If you went to an office today, you’re taking part in an obsolete lifestyle. At least that’s what many credible theorists in the 1990s led us to expect. According to them, “telework” was poised to supplant physical offices for good. The dream was that we could work from anywhere: congested roads during the morning commute would be a thing of the past as we could simply stay at home; or move to an inexpensive countryside house with a pool and a garden — all we need is an internet connection.
We would avoid the long flight across continents to meet face-to-face or discuss contracts. Conference calls and videoconference would wipe out jetlag fatigue and impersonal hotel stays.

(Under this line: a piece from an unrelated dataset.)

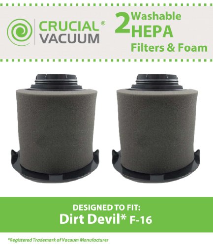 2 Dirt Devil F16 Filter Kits w/ HEPA Filter & Foam Pre-filter; Compare to Dirt Devil Part Nos. 1JW1100000, 2JW1000000; Designed & Engineered by Think Crucial
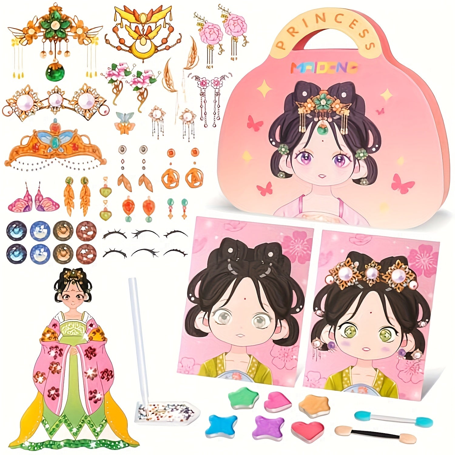 DIY Princess Makeup Bag Set - Handmade Makeup Dress Up, Diamond Stickers, Suitable for Girls | Perfect for New Year, Easter, Christmas, Mother'S Day, New Year

A 1990 study titled “Telework: A New Way of Working and Living” opened with these bold claims:
Telework is ten years old. In its short time its capacity for redrawing the geographical and organisational boundaries of the traditional, centralised enterprise has been amply demonstrated. The positive consequences: […] new employment opportunities for various categories of workers, potentially without geographical limits.
People like people…
Of course, that vision didn’t materialise. It turns out that technology has made face-to-face communication more important, not less. If this idea seems counter-intuitive, just look at the very companies that have done the most to advance the reach and capabilities of digital technologies. The emergence of Silicon Valley as the world’s foremost innovation hub illustrates a fact of human nature that transcends technology: All things being equal, people want to live close to other people with the same interest.

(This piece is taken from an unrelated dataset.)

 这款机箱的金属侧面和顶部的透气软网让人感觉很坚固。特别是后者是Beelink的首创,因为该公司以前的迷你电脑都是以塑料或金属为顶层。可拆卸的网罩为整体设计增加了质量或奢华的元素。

At the moment, the goliaths of Silicon Valley -- Google, Facebook, Amazon, and Apple -- are committing serious resources to tap into the power of proximity. All four companies are expanding their Silicon Valley campuses on a colossal scale – Apple’s $5 billion “spaceship” designed by ‘starchitect’ Norman Foster is said to be Silicon Valley’s biggest private construction project to date. The trend among vanguard companies is toward sprawling, utopian facilities that are almost cities unto themselves, far from the delocalisation and dispersal that 1990s futurists predicted.
…and they still like paper
This is reminiscent of what happened to another late 20th-century myth, the “paperless office”. As computers made their way onto every office desk, the thinking was that soon electronic documents would take the place of paper. Decades later, companies are still producing an estimated 130 pounds of paper documents per year per worker and, according to a 2011 Gartner report, the average company’s rate of paper production is growing by 25 percent every year. This example underscores that the physical and digital realms are complementary, not opposed to one another.

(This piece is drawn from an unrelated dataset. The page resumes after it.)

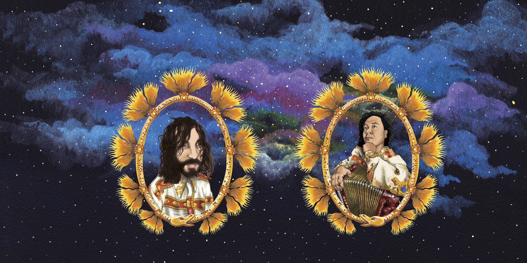 From the first moments of the Meridian Brothers’ new album, Paz En La Tierra, you can hear that something is different. The band—which is just Colombian musician Eblis Álvarez unless playing live—has teamed up with Conjunto Media Luna’s Iván Medellín for the new album. Centered on Medellín’s accordion, the resulting album draws heavily from traditional vallenato, an Afro-Indian-European music from Colombia’s Caribbean coast. Fans of outre-cumbia are treated to the folkier forebear of the ‘60s-and-onward cumbia canon Alvarez usually sounds like he’s drawing from. Colombian merengue (not to be confused with Dominican merengue) and other Caribbean forms like son are all fed into the Medellín-Álvarez machine. But even though hand percussion and accordion have replaced the dubby swells, nasally synths and programmed drums that characterize Álvarez’s work with both the Meridian Brothers and Frente Cumbiero, Paz En La Tierra’s songs still look forward to an anxious future. It may be in the shape of Colombian paseo, but the song “La Conquista de Outros Planetas” is actually about space colonists conquering other planets. Out today on Bongo Joe Records, Paz En La Tierra is, both at first glance and twelfth glance, a kinda weird left turn by Meridian Brothers. But then, their formula starts with ear-worming micromelodies, anchored by headbobbing basslines and then is washed over in weird left turns. Paz En La Tierra has an abundance of all three.

A 2008 paper titled “Does Distance Matter in Banking?”, by Kenneth Brevoort and John Wolken (senior economists for the United States Federal Reserve Board), shows that for the decade 1993-2003, banking relationships in the U.S. remained primarily local, with a median distance between lender and SME of just five miles. Perhaps even more significantly, after increasing in the first half of the decade, the distance diminished in the following five years. The rise of digital data solutions may prolong and reinforce this trend, as the data-richness of lender-borrower relationships arguably increases with proximity. Even if they have extremely large databases, banks cannot afford to bypass the information on credit score, borrower characteristics etc. that local branches are uniquely positioned to collect.
To return to Silicon Valley, would Marc Andreessen, arguably the most famous venture capitalist in the tech space, endow a new entrepreneur without meeting him or her in person? Moreover, could Andreessen’s investment expertise ever be matched by financial algorithms? Clearly the answer is no in both cases, which is why we need epicentres of innovation such as Silicon Valley.
Like it or not, distance matters. The world’s cities are as important as ever as families are ready to pay large sums of rental money to live in crowded apartments rather than in less crowded rural or semi-rural houses. Close to 55 percent of the world’s population now lives in urban areas. The world is not flat.